Tuesday, August 2, 2016

Poems that Speak Out Against Violence and for Embrace - Barbara March

If the back & arms you carry riddle with black
spots & marks made by birds who don’t want us here—
I will remind you: There are people who did this before us,
brown & black-spotted, yellow, with rattails,
born from what others did not want & loathed & aimed
to never let belong, & so, we are here today—
the field is wide. We make saliva from root & light.
Our spikelets grow, & do you feel the wind?
       - Joe Jiménez, Smutgrass



Orlando. Dhaka. Istanbul. Baghdad. Medina. Nice. The killings of Alton Sterling and Philando Castile, and the murder of police officers in Dallas and Baton Rouge. This summer, terrible bigotry and violence have rent our global community. The killings must end, and we in the poetry community must contribute in any way we can. As we search for answers to these horrors and for ways to combat hatred and prejudice, we are reminded of poetry’s capacity to respond to violence, to help us regenerate, like spikelets sprouting in a contested field, claiming our public spaces for everyone.
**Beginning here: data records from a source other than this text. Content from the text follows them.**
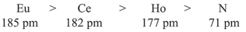 $\mathrm{N}>\mathrm{Ce}>\mathrm{Eu}>\mathrm{Ho}$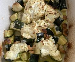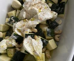 - Zucchini, Knoblauch, Cashewkerne, Frischkäse, Olivenöl,Salz, Pfeffer und Muskat in eine Auflaufform geben und 20 Minuten bei 220*C backen.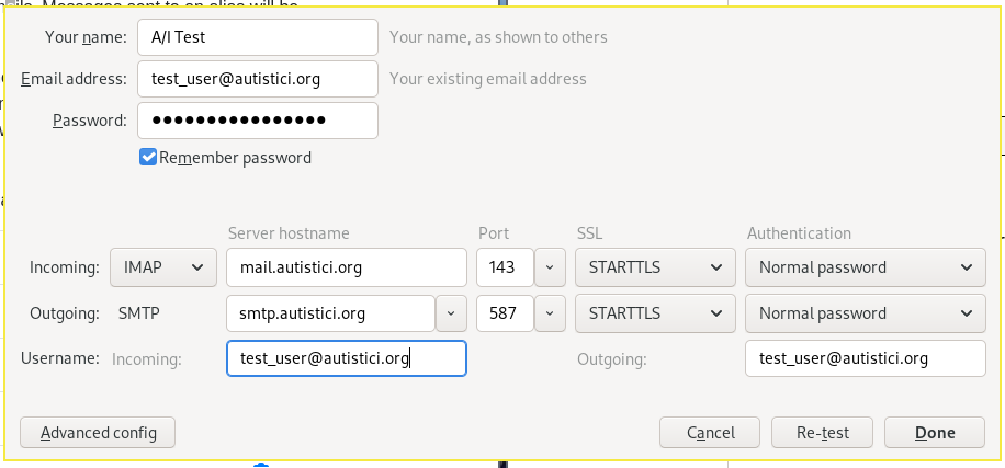| SMTP | smtp.autistici.org | 587 | STARTTLS | Normal password |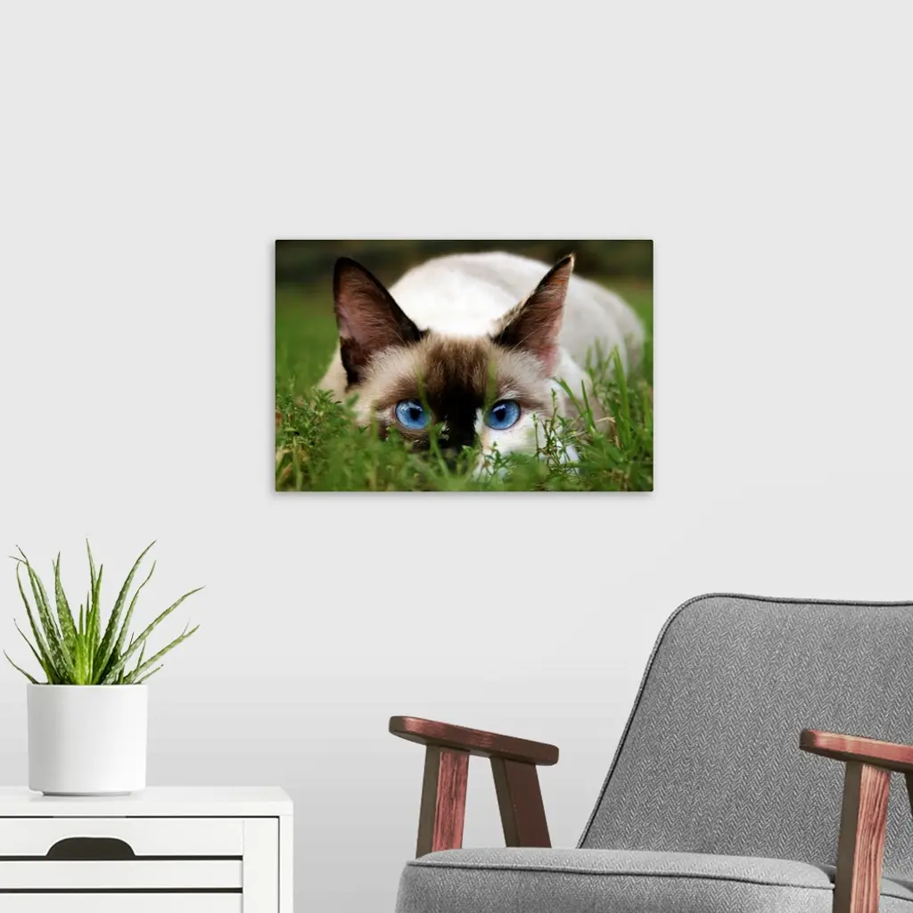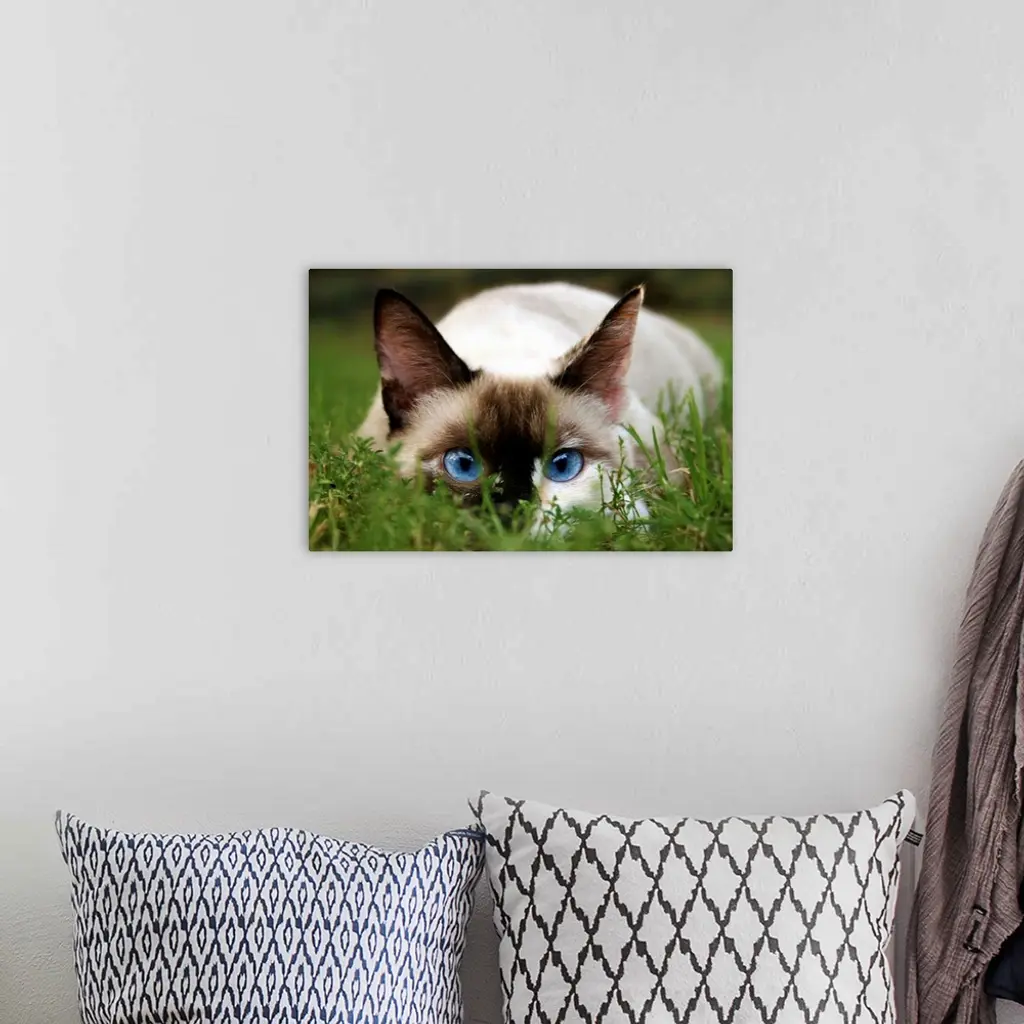 A cute cat hides in the grass.

In solidarity with all those targeted at home and abroad, from the LGBT community in the United States to devastated families of Baghdad, Split This Rock is offering its blog as a Virtual Open Mic. Over the next couple of weeks, from July 14 to 28, we are requesting poems in response to and against violence toward marginalized communities. After the Virtual Open Mic closes, we hope to print out and mail all of the poems to Congress and the National Rifle Association. 


***

Bringing Disparate Things Together to Create a Shape
by Barbara March

I'm out of touch with your pyramids,
with the horse who shrieks light,
with the red balloon riddled
in the crow's beak as a neon sign
blares the confederate flag at Woody's saloon.
With how black is the crow, how
brown the horse, how red the balloon?
Can I answer in one comfortable kowtow?
Or skip protocol, take the heat, pocket
the Pleiades and Neruda's surrogate
who told how brown men navigated
the pacific by their balls. how
white women rolled on the white
floor of the world and howled at the night.